To a later generation of fans, he was known as a talkative TV analyst, his passion, exuberance, and outspokenness making him both a colorful and controversial personality.
“One thing I learned a long time ago is that there is no control over what people think of you,” said Mr. Heinsohn, who once appeared in a famous Miller Lite commercial. showing NBA referee Mendy Rudolph pulling him out of a bar. “Some people have said of me, ‘Hey, it’s great to see someone so excited.’ Others said I was a howling donkey.
“And all I can say is, ‘It’s me, mate.’ I’m involved, and when I’m involved, I let it all hang out. I don’t worry about my image. “
Thomas William Heinsohn, born August 26, 1934, grew up in Union City, NJ, where he attended St. Michael’s High School before enrolling at Holy Cross.

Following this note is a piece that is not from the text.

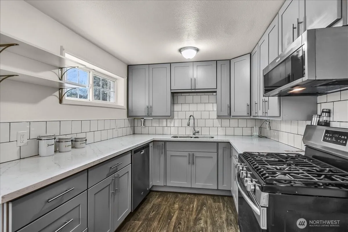 Charming and updated 3 bed, 1.75 bath rambler on a spacious corner lot! Enjoy a brand-new kitchen, stylishly updated bathrooms, and a fully fenced yard perfect for pets and play. The 2-car garage features durable epoxy floors, and there’s an 8×10 accessory building ideal for a home office or creative studio. Two attic storage areas with pull-down ladders offer added convenience. At the end of the home, a solarium greenhouse provides a peaceful space for gardening or relaxing year-round. Located minutes from the light rail, with easy access to I-5, Lake Ballinger, parks, top-rated schools, shopping, library, and more. This home offers the perfect balance of comfort, functionality, and unbeatable location! ADU potential Buyer to verify.

“My mom bought me a whole new suit to go to college,” he recalls. “We were poor, but she wanted me to have this. It was a powder blue suit with ankle-length pants – you know, skinny at the bottom. I think I made a good impression with it.
Mr. Heinsohn made a more lasting impression on the pitch, where he was the Crusaders captain and a first-team All-American. He scored an academic record of 51 points against Boston College at the Garden and helped lead the Crusaders to the National Invitational Championship in 1954 as well as two NCAA playoff offers.

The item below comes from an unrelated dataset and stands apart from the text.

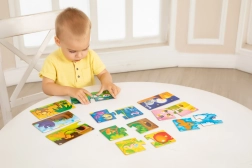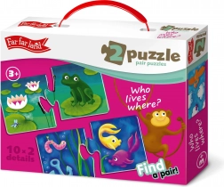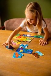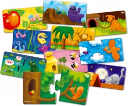 Far Far Land Puzzle to idealna zabawka edukacyjna dla dzieci od trzech lat. Ten zestaw zawiera 10 obrazków układanki, z których każdy składa się z dwóch części – na jednej jest zwierzątko, a na drugiej jego siedlisko. Dzięki tej grze dzieci uczą się rozpoznawać różne typy zwierząt i ich środowisko, co rozwija ich umiejętność klasyfikacji i kombinacji.

Before the Celtics picked him as their home pick in the 1956 draft, Mr. Heinsohn considered playing for the amateur Athletic Union team in Peoria, Ill., And trying for that year’s Olympics in Melbourne, where he would have played alongside future Boston teammates. Russell and KC Jones in the US gold medal team.
Instead, he signed with the Celtics and played an invaluable starting role in their title race in 1957. In Game 7 of the Series Finals against the St. Louis Hawks, Mr. Heinsohn scored 37 points. and grabbed 23 rebounds, leading the Celtics to a brace. -the triumph over time. It was the franchise’s first NBA championship.

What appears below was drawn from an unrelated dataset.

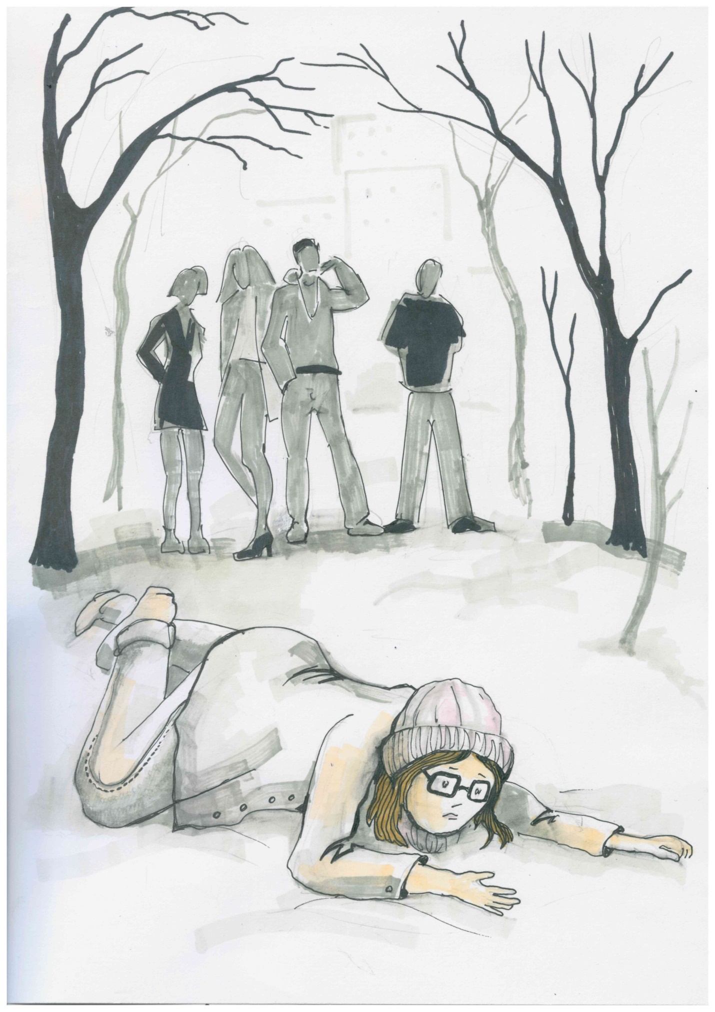 Прибавляю шаг, стараясь быстрее уйти от этой мерзкой компании. Слезы застилают глаза, из-за чего вижу еще хуже. Поэтому не замечаю какую-то выбоину на дороге, спотыкаюсь и с размаху бухаюсь в снежную кашу. Очки отлетают в сторону, хорошо, что не далеко и не разбились. Удается их быстро нащупать и водрузить обратно на нос.

“I just got to play freely and without fantasy,” said Mr. Heinsohn, who was named the league’s Rookie of the Year. “The guys who had been here all this time trying to win a championship, Cousy and Bill Sharman, were so anxious that they couldn’t get out of their way that day. I just went out and played.
Mr Heinsohn would score 12,194 points over his career, averaging nearly 19 per game despite his habit of smoking cigarettes in the locker room before games and during halftime.
“If Heinsohn wanted to kill himself, I was fine with that,” coach Red Auerbach said years later. “As long as it didn’t make him run slower.”
Intensely competitive
Mr. Heinsohn, who was nicknamed “Tommy Gun” and “Ack-Ack”, was the team’s designated sniper who did not need any encouragement to aim and shoot.
“Give Tommy credit for one thing,” Celtics magician Cousy once remarked. “He never shoots without the ball.”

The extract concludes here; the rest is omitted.